这项研究揭示了LSD对焦虑患者的潜在长期益处，显示研究后12个月焦虑（STAI-G评分）持续改善，没有其他不良反应报告。。

'We are pleased to see the results from this study persist for the participants in this trial one year after its placebo-controlled portion concluded and are encouraged that they continue to benefit from their treatment,” added Peter Gasser, MD, co-investigator of the study and President of SÄPT. “Dr.

“我们很高兴看到这项研究的结果在安慰剂对照部分结束一年后持续存在，并鼓励他们继续从治疗中受益，”该研究的联合研究员兼SÄPT总裁Peter Gasser医学博士补充道。“博士。

Holze and I feel honored to receive SOBP’s Somerfeld-Ziskind award and thank all the patients whose long-term participation made these findings possible.”.

霍尔兹和我很荣幸获得SOBP的Somerfeld Ziskind奖，并感谢所有长期参与使这些发现成为可能的患者。
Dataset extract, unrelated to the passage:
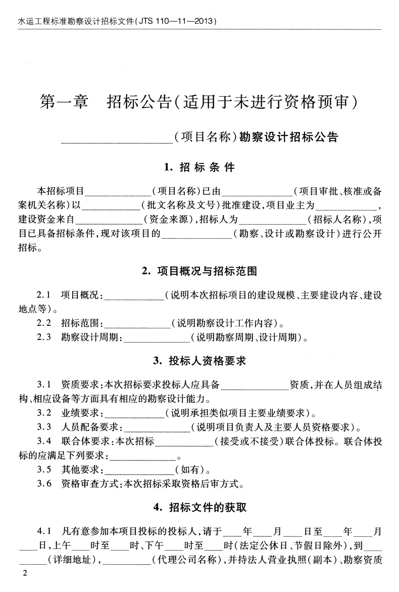水运工程标准勘察设计招标文件

”。

About SÄPT, the Swiss Medical Society for Psychedelic Treatment

关于瑞士迷幻剂治疗医学会SÄPT

The Swiss Medical Association for Psycholytic (Psychedelic) Therapy was founded in 1985 and has now developed into a specialist society with around 210 members, primarily from Switzerland and Germany. Its statutory purpose is to make psychoactive substances accessible for practical psychotherapeutic use, to control their handling, to stimulate further research and to offer the theoretical and practical training necessary for their handling..

瑞士心理（迷幻）治疗医学协会成立于1985年，现已发展成为一个拥有约210名成员的专业协会，主要来自瑞士和德国。其法定目的是使精神活性物质可用于实际的心理治疗用途，控制其处理，刺激进一步的研究，并为其处理提供必要的理论和实践培训。。
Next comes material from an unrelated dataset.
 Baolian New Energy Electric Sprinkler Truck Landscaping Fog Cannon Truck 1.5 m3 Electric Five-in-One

From 1988 to 1993, five SÄPT therapists received an exemption from the Swiss Federal Office of Public Health (BAG) to carry out psychedelic treatment with the substances MDMA and LSD in their practices. During these five years, about 170 patients were treated, undergoing just over a thousand full-day sessions, and the results were published in 1996.

从1988年到1993年，五名SÄPT治疗师获得了瑞士联邦公共卫生局（BAG）的豁免，在他们的实践中使用MDMA和LSD物质进行迷幻治疗。在这五年中，约有170名患者接受了治疗，接受了1000多次全天治疗，结果于1996年公布。

Since then, SÄPT has conducted or co-sponsored numerous studies and initiated the limited-use program, which has given around 60 therapists the opportunity to treat several hundred patients with psychedelic substances under individual licenses over the last ten years. SÄPT has been led by Dr. Gasser since 1997..

从那时起，SÄPT进行或共同赞助了许多研究，并启动了有限使用计划，该计划在过去十年中为大约60名治疗师提供了根据个人许可证治疗数百名迷幻药物患者的机会。自1997年以来，SÄPT一直由Gasser博士领导。。